Now private-citizen Barbour says he provided the pardons because he believes in Christian forgiveness and in second chances. The conservative Republican seemed sincere when he explained the reason for the pardons in a recent news conference from the law office where he now works.
And truth be known, what other reason could there be for the pardons? Perhaps there could be a connection to Barbour for one or two of those receiving the clemency. But I cannot imagine an ulterior motive the former governor would have for the vast majority of pardons after looking at the records and backgrounds of many receiving the pardons.
So one can argue with whether it was the right or wrong thing to do. But I find it difficult to argue with the former governor’s motives.
By the same token, Barbour said Democratic Attorney General Jim Hood was playing politics, making political hay, when he went to court to try to block the pardons. It seems the Constitution mandates a person seeking a pardon from the governor to provide a 30-day notice in the newspaper of that intention. Hood said it appears most receiving the pardons did not provide that notice.
It also should be noted that the vast majority of the pardons were for people who have completed their sentence with the state Department of Corrections. Only 10 pardons were granted to people still in custody of the Department of Corrections. The pardons for the people out of prison will expunge their record and restore certain rights – like the right to vote and to own a gun.
Throughout Barbour’s two terms as governor, he often clashed with Hood. Often those clashes wound up in court. Hood won some of those legal tilts. Barbour won some, but probably came out on the losing end more than not.

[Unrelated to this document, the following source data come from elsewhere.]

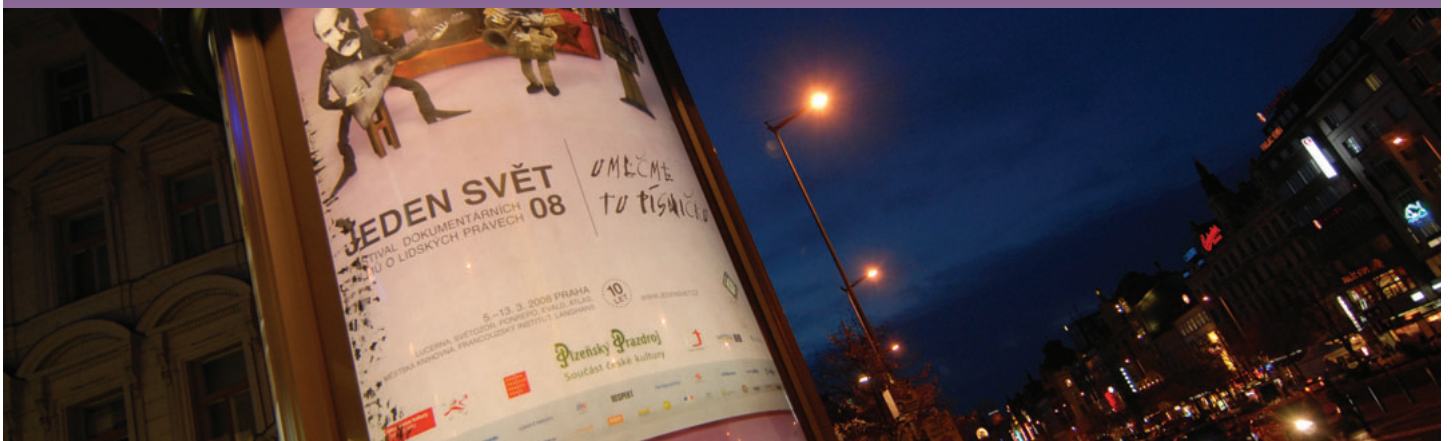
One World Citylight posters were visible all over Prague.
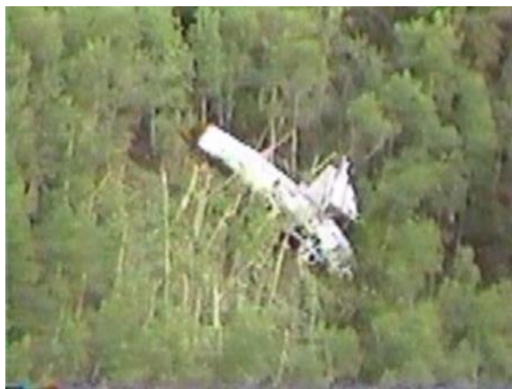
Pilot Terry Leadens died in the line of duty when his Civil Air Patrol single engine Cessna crashed during a search for a missing hiker.

distance from the first tree strike to the main wreckage was 62 feet. The aircraft came to a rest on its nose. The terrain elevation was about 10,600 feet MSL. ix
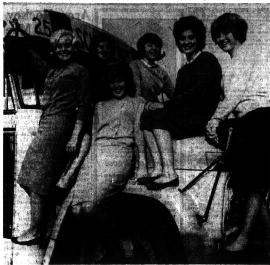
Bloomfield Queen and Her Court

The Council will have a double function: generally it will act as a disciplinary committee, revising rules and judging minor violations; also it will act as a student voice to the faculty, representing student opinion and presenting any proposed changes in policy.
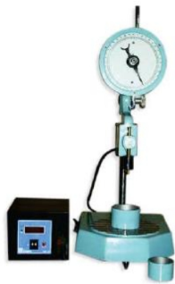
Semi Automatic Cone Penetrometer
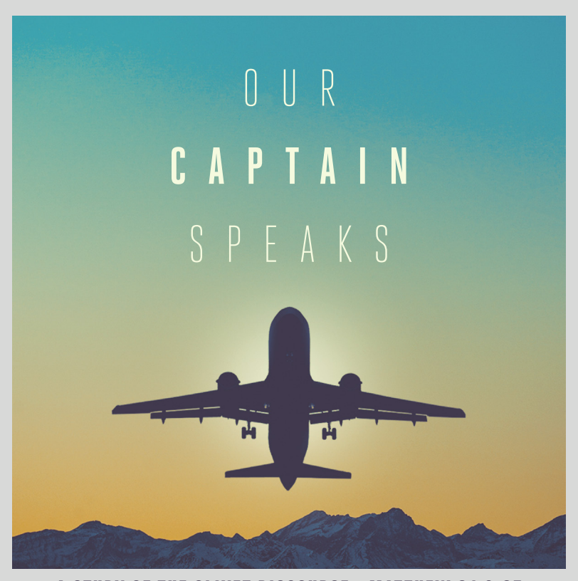
A STUDY OF THE OLIVET DISCOURSE · MATTHEW 24 & 25
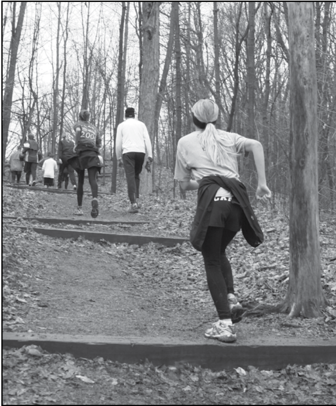
Holliday Park Trail Run
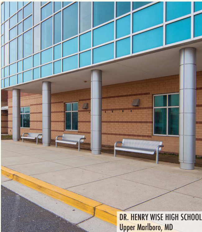
DR. HENRY WISE HIGH SCHOOL Upper Marlboro, MD
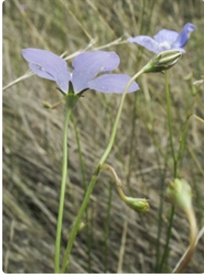
Flower and bud.
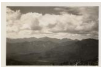
Mt. Macomb (NYSL_SC19469_B3_F45_P5)
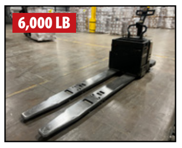
CROWN PE4000 SERIES RIDER PALLET
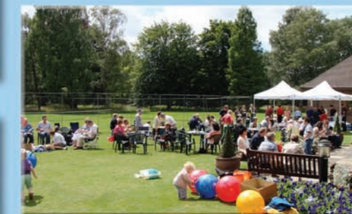
Webtec Summer Garden Party July 2008
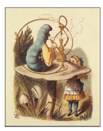
John Tenniel illustration for Lewis Carroll's Alice's Adventures in Wonderland , 1865.

The mushroom that appears in Lewis Carroll's Alice's Adven tures in Wonderland (1865) is arguably the best-known mushroom in the western literary tradition. The controversy and mystery surrounding Carroll's mycological knowledge is therefore proportionally large, and this is significant, given that the mushroom was the size of Alice herself. That is to say, it was the size of a mushroom, for Alice had shrunken considerably. In a fantasy world
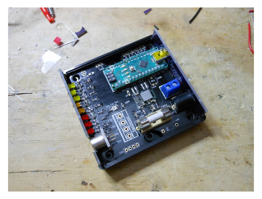
Figure 4: A simple solution.
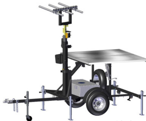
Folded / Travel Position
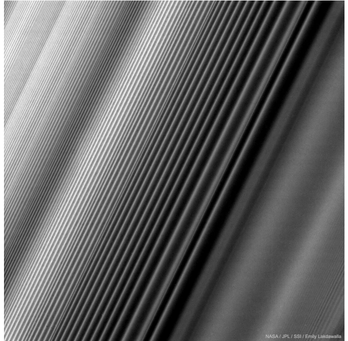
This Cassini image shows in unprecedented detail a density wave in Saturn's B ring, most likely caused by a small moon systematically perturbing the orbits of ring particles.

The rotation rate of 10:33:38 determined by Mankovich's analysis is several minutes faster than previous estimates based on radiometry from the Voyager and Cassini spacecraft.
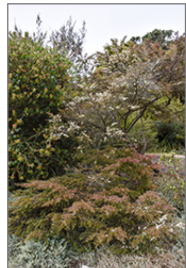
Broom Tea-Tree in bloom
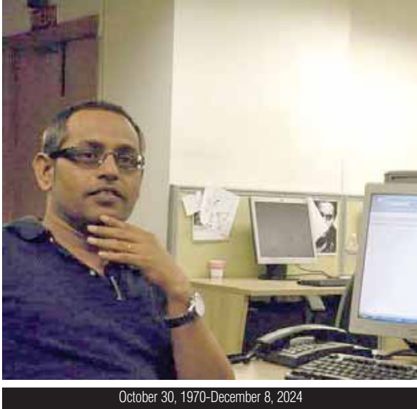
October 30, 1970–December 8, 2024

rial and op-ed pages, setting high standards for every piece. His ruthlessness when it came to quality was legendary—stories that didn't meet his standards were dropped, regardless of the writer's stature. This unwavering commitment to excellence was a rarity and something I greatly respected. His journey in journalism was neither easy nor conventional. He rose through the ranks, trying his hand at various roles—from marketing to circulation—before finding his true calling in journalism. A self-taught professional, he had an intuitive understanding of the craft, coupled with integrity and an unmatched dedication to his work. In his early days of career
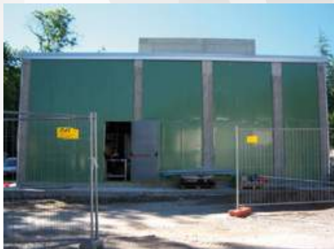
Centrale Termica – Power Plant - Hospital - Desio (MI) - Italy
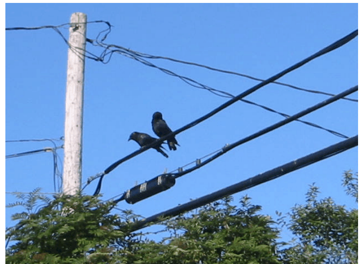
Figure 1: Normal & accidental hosts for WNV infection
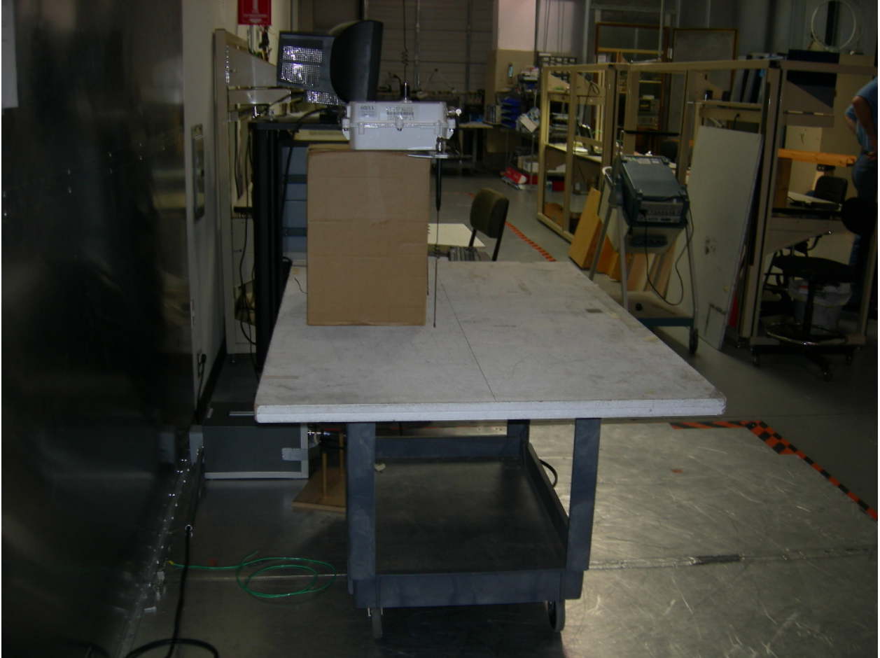
Figure 4: AC Power Line Conducted Emissions

Perhaps some of those battles were about politics. But more often than not, they were about policy.
Barbour is fond of quoting his former boss – Ronald Reagan – as saying good policy makes good politics. That may be true most times, but it is hard to believe the pardons are good politics for Barbour.
Hood is, at his heart, a prosecutor. He served as district attorney in Northeast Mississippi before being elected attorney general in 2003. His family has been the victim of a violent crime. Throughout his tenure, he has gone out of his way to align himself with crime victims.
He has at times taken on cases that were politically unpopular.
The policy Hood is pursuing in regards to the pardons, no doubt, is good policy in his eyes – and apparently the eyes of many – and it is no doubt good politics. Of course, Barbour says his political career is over. The 64-year-old has said he does not anticipate running for office again. He has downplayed the possibility of following Thad Cochran in the U.S. Senate, saying Mississippians do not want to elect a senator in his mid-60s to try to build seniority in the nation’s upper chamber.
But it is foolish to think Barbour does not care about his gubernatorial legacy. There is much to talk about when it comes to his legacy – the Katrina recovery, the rise of his Republican Party, the recruitment of Toyota, changes to the civil justice system.
For better of worse, the pardons will be part of his legacy. And at some point, Barbour, as he is fond of doing, will want to appear on the news talk shows on Fox, CNN or one of the networks to pontificate about the national elections. At that time, he probably will again face questions about the pardons. They have been a big national story.
The fact is, I can understand Barbour’s explanation of why he did what he did, and I can understand Hood’s stance as well.
What is confusing is that their positions do not coincide with how we normally portray Republicans and Democrats.
Because in this instance, Haley Barbour sounds like the bleeding-heart liberal.